What he's saying: Robinhood users "were playing a game of financial chicken on an app that they love and it blew up. And the rules were probably changed. It has happened to anybody that has invested for 10 years," Lindzon, general partner at Venture Capital firm Social Leverage and co-founder of social media platform StockTwits, said on the latest Voices of Wall Street podcast.

  • "If it happens in your first week, consider yourself lucky, not that you lost money, that you saw how the markets work the first week you did trading."

Flashback: On Jan. 28, Robinhood, a top destination for retail traders, announced it would restrict users from buying (but not selling) stocks like GameStop, AMC and other companies that had surged by triple digits in the weeks prior.

  • The fallout led to a congressional hearing and allegations that Robinhood had been pressured by hedge funds or government entities to slow the surging stock prices which caused major losses for institutional investors who had bet the stocks' prices would fall.
  • The stocks tumbled after Robinhood's announcement, with GameStop stock declining by 84% from Jan. 27 to Feb. 4.

Watch this space: Lindzon argues the real problem was with the poor decisions by users.

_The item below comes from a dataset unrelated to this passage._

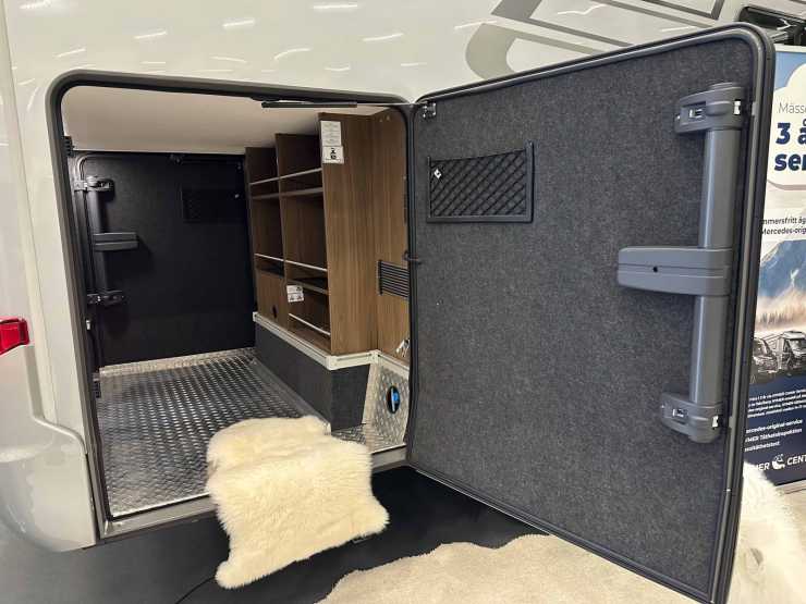 Hymer ML-T 580 4x4 Facelift var en favorit från CMT i Stuttgart i år. Det är lätt att falla för den snygga inredningen och den gedigna känslan – läs mer om den här. Men den kompakta husbilen är också späckad med smarta lösningar. Kolla in den dolda trappan och detaljerna i badrumsskåpet. Och vilket garage, här får lätt flera cyklar plats.

  • "The problem was that Robinhood traders for whatever reason thought that buying GameStop at $250 was a good idea. That is a break in the system right there. If you are taking your advice and buying GameStop for $250, you are going to 99% of the time lose money. So the odds were stacked against the idiots that were doing this in the first place."
  • "If you’re going to make a career of investing and you think GameStop is how you do it, you’re going to last about a month. That’s the story. The story is not that Robinhood survived but what can we do about it to teach investors how to invest. And to trade."